[ERROR] Unable to collect data from ceph osd df rados: Invalid argument
gopherunner opened this issue · comments
After building the ceph_exporter go project, I try to run the bin ceph_exporter file, and I'm getting the following err msgs:
root@cm03:/# /usr/local/go/bin/ceph_exporter
2017/05/18 14:33:48 Starting ceph exporter on ":9128"

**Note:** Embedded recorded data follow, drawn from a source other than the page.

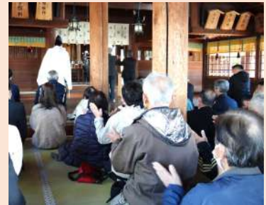
昨年の安全祈願の様子
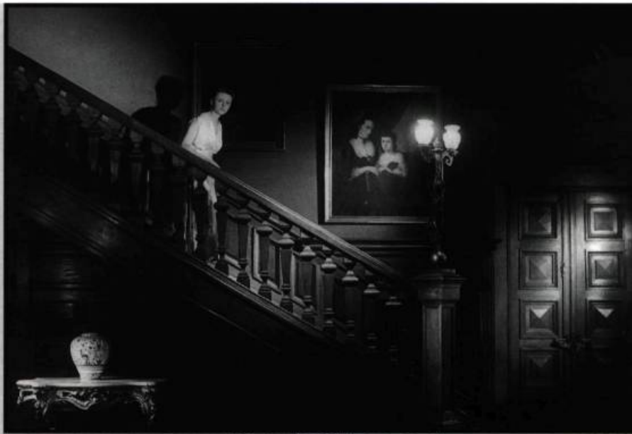
Temps difficiles (1988) de João Botelho.

des différentes générations de cinéastes, et révéler ainsi la maturité prolifique d'une cinématographie qui semble aujourd'hui résolument campée dans la modernité. Car au pays de Fernando Pessoa, toutes les générations tournent depuis deux ans et, aux dires de Raquel Freire ( La déchirure ), la plus jeune des cinéastes invités, il y aurait actuelle-
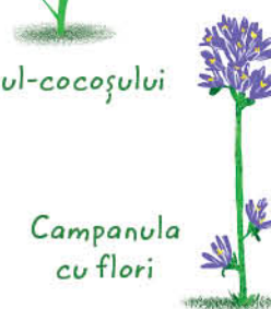
Campanula cu flori

Când te plimbi, evită să culegi plantele, căci multe dintre acestea sunt amenințate cu dispariția și protejate! De exemplu:
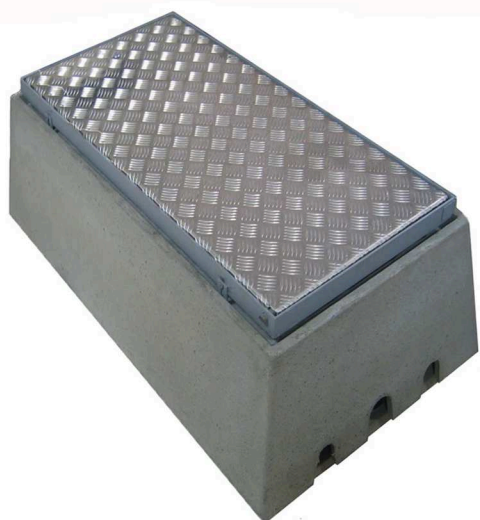
Cadre acier et couvercle aluminium articulé

2017/05/18 14:33:55 [ERROR] cannot extract total bytes: strconv.ParseFloat: parsing "": invalid syntax
2017/05/18 14:33:55 [ERROR] cannot extract used bytes: strconv.ParseFloat: parsing "": invalid syntax
2017/05/18 14:33:55 [ERROR] cannot extract available bytes: strconv.ParseFloat: parsing "": invalid syntax
2017/05/18 14:33:55 failed collecting cluster health metrics: strconv.ParseFloat: parsing "": invalid syntax
2017/05/18 14:33:55 [ERROR] Unable to collect data from ceph osd df rados: Invalid argument
2017/05/18 14:33:55 failed collecting osd metrics: rados: Invalid argument
Any ideas?
Im getting the same error while using:
/ceph_exporter -ceph.config "/etc/ceph/ceph.conf" -ceph.user "admin" -exporter.config "/etc/ceph/exporter.yml"
Same issue here
[root@mds01ceph ~]# systemctl -l status ceph-exporter
● ceph-exporter.service - Ceph Exporter Service
Loaded: loaded (/usr/lib/systemd/system/ceph-exporter.service; enabled; vendor preset: disabled)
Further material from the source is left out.